## PROBLEM
For the material below, reproduce exactly each line from the one that has "long, Danvers-type carrot." through the one that has "接下来是通关的关键能力点。武", and no others; pictures stay out.
======== DATA TO EXAMINE
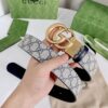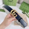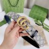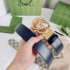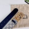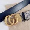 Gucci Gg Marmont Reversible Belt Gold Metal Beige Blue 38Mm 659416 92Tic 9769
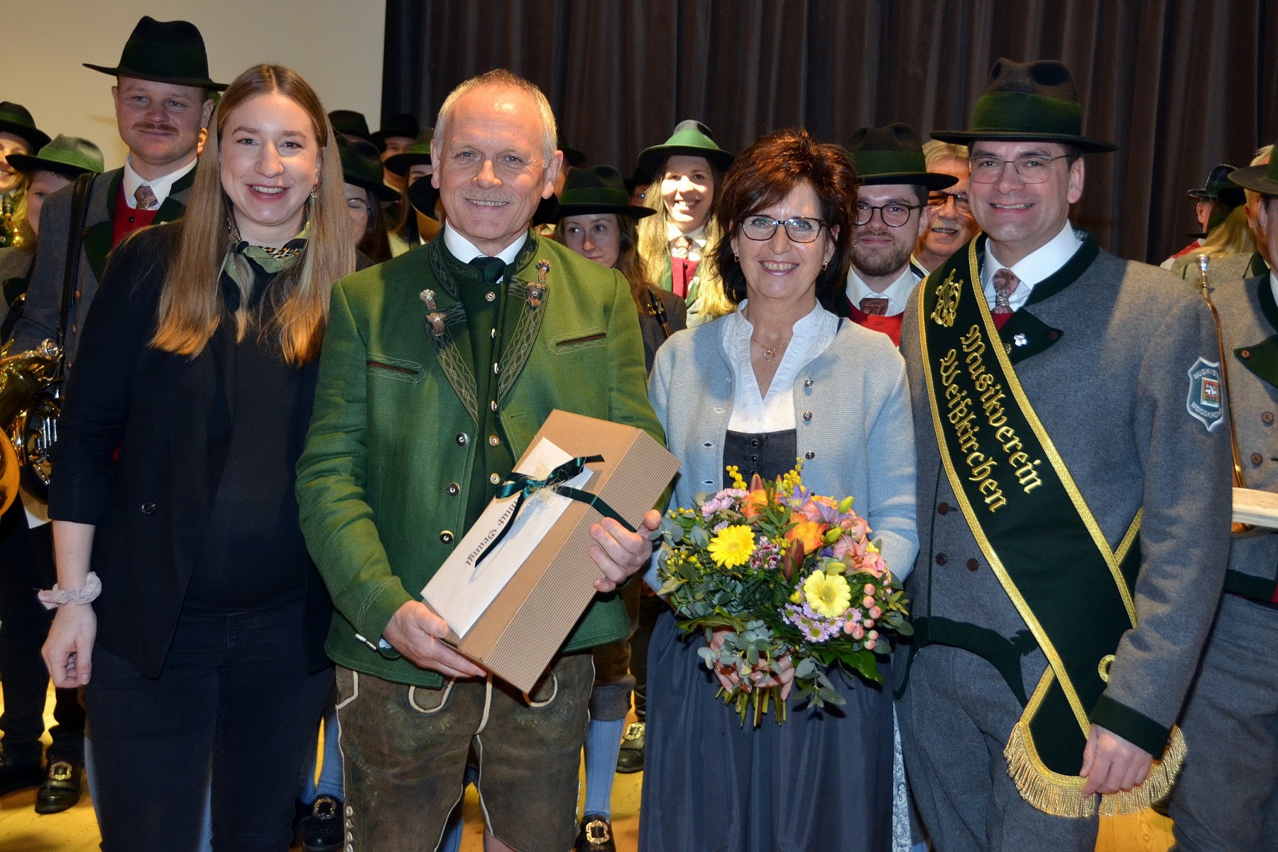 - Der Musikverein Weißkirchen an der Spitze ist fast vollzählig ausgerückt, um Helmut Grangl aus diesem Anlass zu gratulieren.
================
======== DATA TO EXAMINE
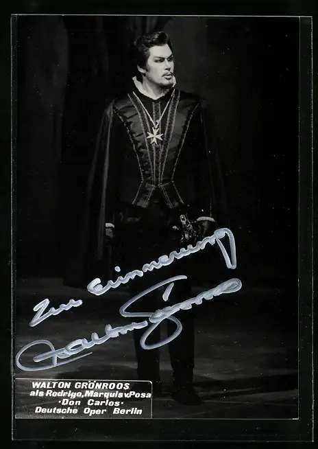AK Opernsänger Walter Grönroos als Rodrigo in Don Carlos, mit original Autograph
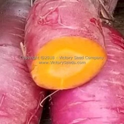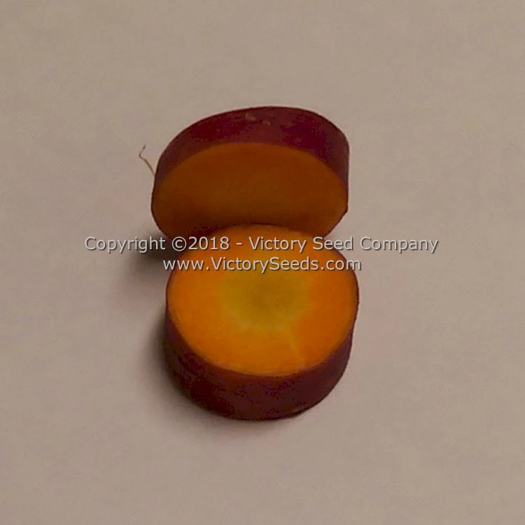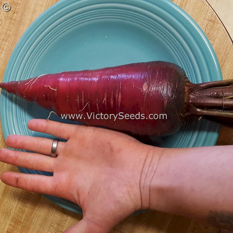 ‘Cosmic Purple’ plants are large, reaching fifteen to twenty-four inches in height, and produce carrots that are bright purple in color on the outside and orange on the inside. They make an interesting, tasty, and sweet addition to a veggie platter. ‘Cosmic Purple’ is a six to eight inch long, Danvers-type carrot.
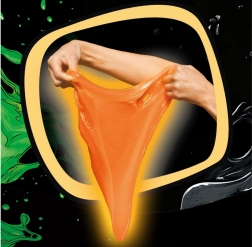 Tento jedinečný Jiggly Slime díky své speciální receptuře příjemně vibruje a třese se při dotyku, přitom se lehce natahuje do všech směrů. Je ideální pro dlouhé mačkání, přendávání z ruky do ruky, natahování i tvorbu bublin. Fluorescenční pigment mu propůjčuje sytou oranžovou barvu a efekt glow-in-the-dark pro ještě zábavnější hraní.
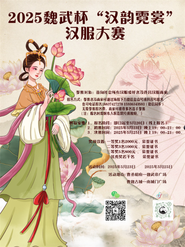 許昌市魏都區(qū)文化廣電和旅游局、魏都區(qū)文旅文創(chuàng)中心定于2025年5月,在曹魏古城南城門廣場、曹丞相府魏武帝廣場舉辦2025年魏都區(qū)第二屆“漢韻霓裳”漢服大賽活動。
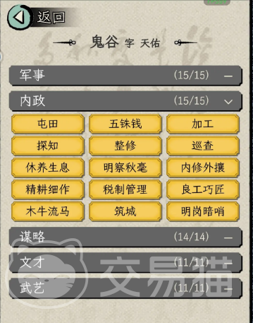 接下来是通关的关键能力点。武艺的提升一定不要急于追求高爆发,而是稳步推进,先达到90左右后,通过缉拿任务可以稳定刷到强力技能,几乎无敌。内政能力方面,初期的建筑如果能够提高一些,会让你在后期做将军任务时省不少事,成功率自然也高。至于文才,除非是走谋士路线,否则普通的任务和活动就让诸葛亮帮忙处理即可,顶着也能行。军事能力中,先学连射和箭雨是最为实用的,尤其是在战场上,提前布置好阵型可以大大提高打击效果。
================
## EXERCISE RESPONSE
 ‘Cosmic Purple’ plants are large, reaching fifteen to twenty-four inches in height, and produce carrots that are bright purple in color on the outside and orange on the inside. They make an interesting, tasty, and sweet addition to a veggie platter. ‘Cosmic Purple’ is a six to eight inch long, Danvers-type carrot.
 Tento jedinečný Jiggly Slime díky své speciální receptuře příjemně vibruje a třese se při dotyku, přitom se lehce natahuje do všech směrů. Je ideální pro dlouhé mačkání, přendávání z ruky do ruky, natahování i tvorbu bublin. Fluorescenční pigment mu propůjčuje sytou oranžovou barvu a efekt glow-in-the-dark pro ještě zábavnější hraní.
 許昌市魏都區(qū)文化廣電和旅游局、魏都區(qū)文旅文創(chuàng)中心定于2025年5月,在曹魏古城南城門廣場、曹丞相府魏武帝廣場舉辦2025年魏都區(qū)第二屆“漢韻霓裳”漢服大賽活動。
 接下来是通关的关键能力点。武艺的提升一定不要急于追求高爆发,而是稳步推进,先达到90左右后,通过缉拿任务可以稳定刷到强力技能,几乎无敌。内政能力方面,初期的建筑如果能够提高一些,会让你在后期做将军任务时省不少事,成功率自然也高。至于文才,除非是走谋士路线,否则普通的任务和活动就让诸葛亮帮忙处理即可,顶着也能行。军事能力中,先学连射和箭雨是最为实用的,尤其是在战场上,提前布置好阵型可以大大提高打击效果。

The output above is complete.